Collected data START
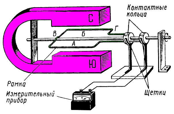 Для получения в замкнутой электрической цепи переменного тока созданы источники электрической энергии, индуктирующие переменную электродвижущую силу. Они получили название генераторов переменного тока. Генераторы переменного тока, так же как и генераторы постоянного тока, основаны на использовании явления электромагнитной индукции. Поэтому в устройстве этих генераторов тока много общего. Генератор переменного тока имеет магнитную систему для создания магнитного поля и проводники, в которых индуктируется электродвижущая сила, когда при своем движении они пересекают магнитный поток (рис. 151).
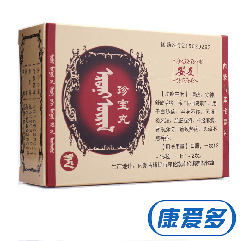 适用人群:不限 产品剂型:丸剂 用法:口服 药品类别:中药 有效期:36个月 药品分类:处方药 疾病:中风 症状:半身不遂 品牌:安友 生产企业:内蒙古库伦蒙药厂 药品名称:珍宝丸 药品通用名:珍宝丸 使用剂量:一次13~15丸,一日2次 批准文号:国药准字Z15020293 药品规格:0.2g*90粒/盒 查看全文
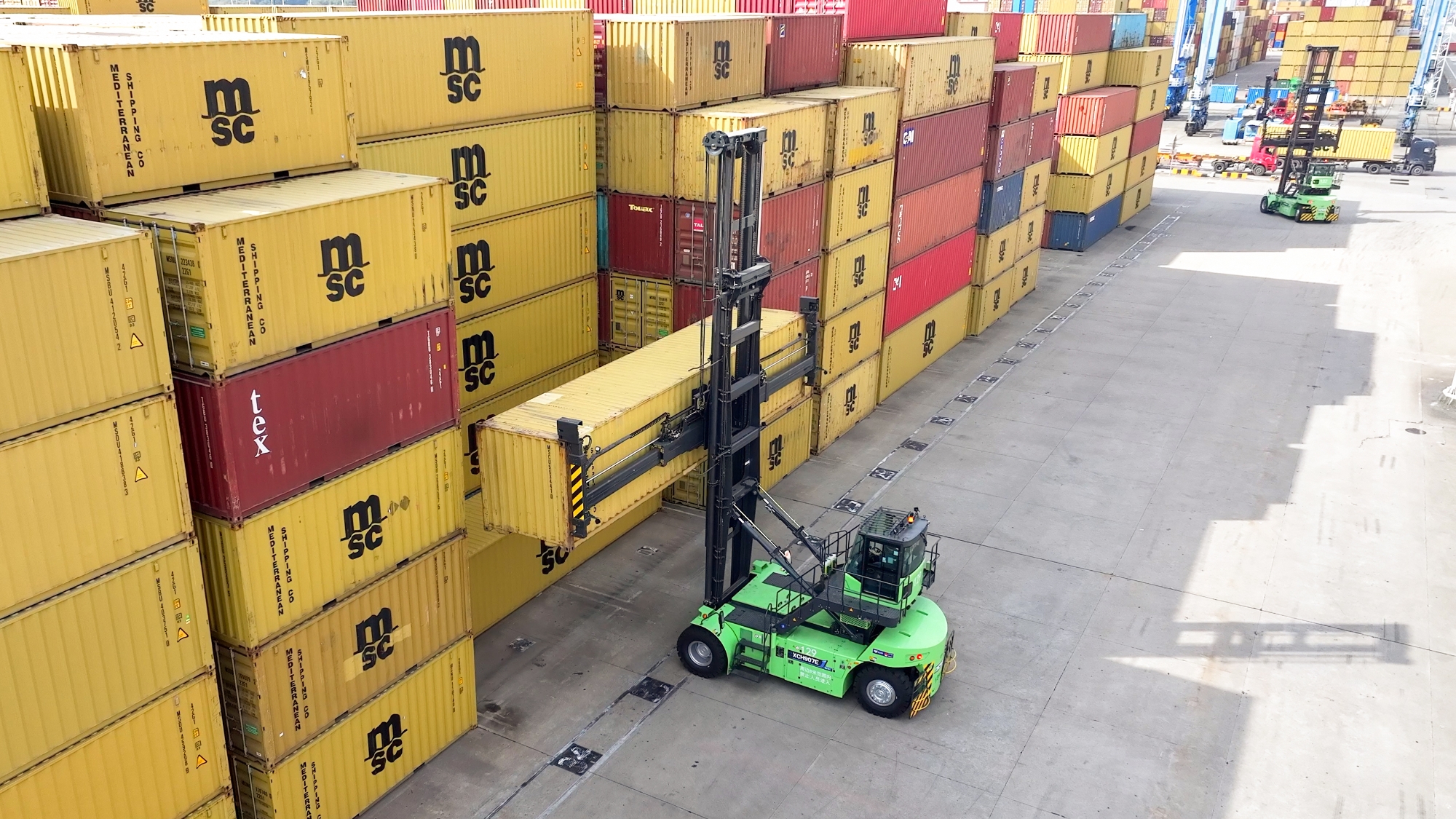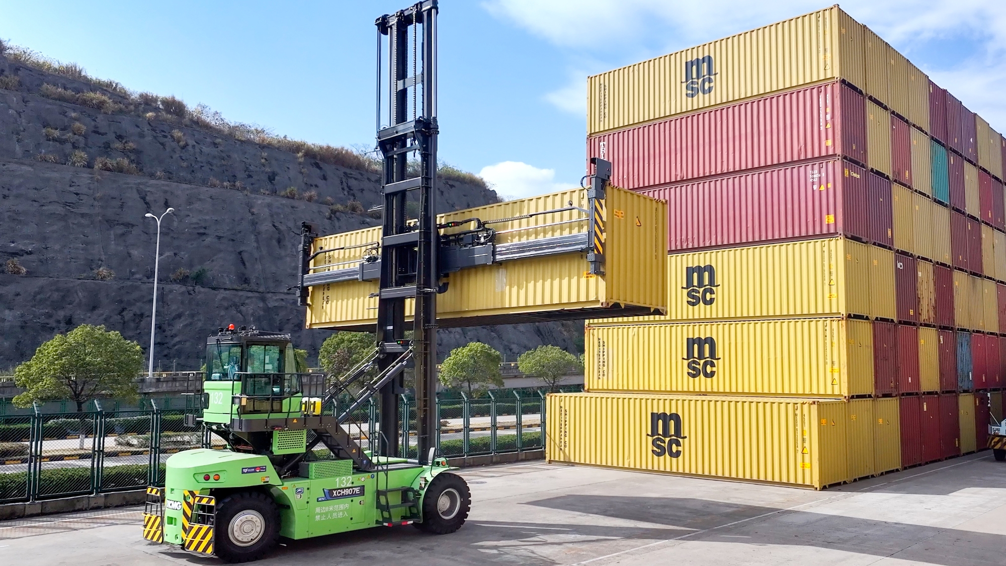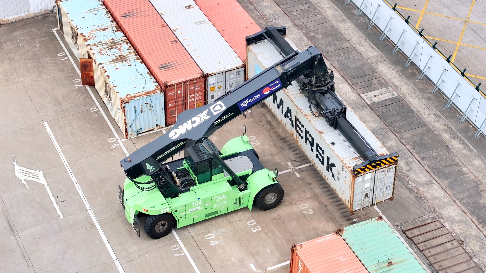 針對集裝箱堆存、轉運等核心場景,徐工打造了涵蓋電動正面吊、堆高機在內(nèi)的成套純電裝備矩陣。其中,領跑行業(yè)的電動堆高機,已成為高端綠色碼頭的標配。在浙江海港的多處關鍵作業(yè)前沿,這套方案正構建高效、協(xié)同的智慧作業(yè)新生態(tài)。
Collected data END
_Exercise:_
The whole listing above needs to be copied exactly; please keep the pictures out.

_Reply:_
 Для получения в замкнутой электрической цепи переменного тока созданы источники электрической энергии, индуктирующие переменную электродвижущую силу. Они получили название генераторов переменного тока. Генераторы переменного тока, так же как и генераторы постоянного тока, основаны на использовании явления электромагнитной индукции. Поэтому в устройстве этих генераторов тока много общего. Генератор переменного тока имеет магнитную систему для создания магнитного поля и проводники, в которых индуктируется электродвижущая сила, когда при своем движении они пересекают магнитный поток (рис. 151).
 适用人群:不限 产品剂型:丸剂 用法:口服 药品类别:中药 有效期:36个月 药品分类:处方药 疾病:中风 症状:半身不遂 品牌:安友 生产企业:内蒙古库伦蒙药厂 药品名称:珍宝丸 药品通用名:珍宝丸 使用剂量:一次13~15丸,一日2次 批准文号:国药准字Z15020293 药品规格:0.2g*90粒/盒 查看全文
 針對集裝箱堆存、轉運等核心場景,徐工打造了涵蓋電動正面吊、堆高機在內(nèi)的成套純電裝備矩陣。其中,領跑行業(yè)的電動堆高機,已成為高端綠色碼頭的標配。在浙江海港的多處關鍵作業(yè)前沿,這套方案正構建高效、協(xié)同的智慧作業(yè)新生態(tài)。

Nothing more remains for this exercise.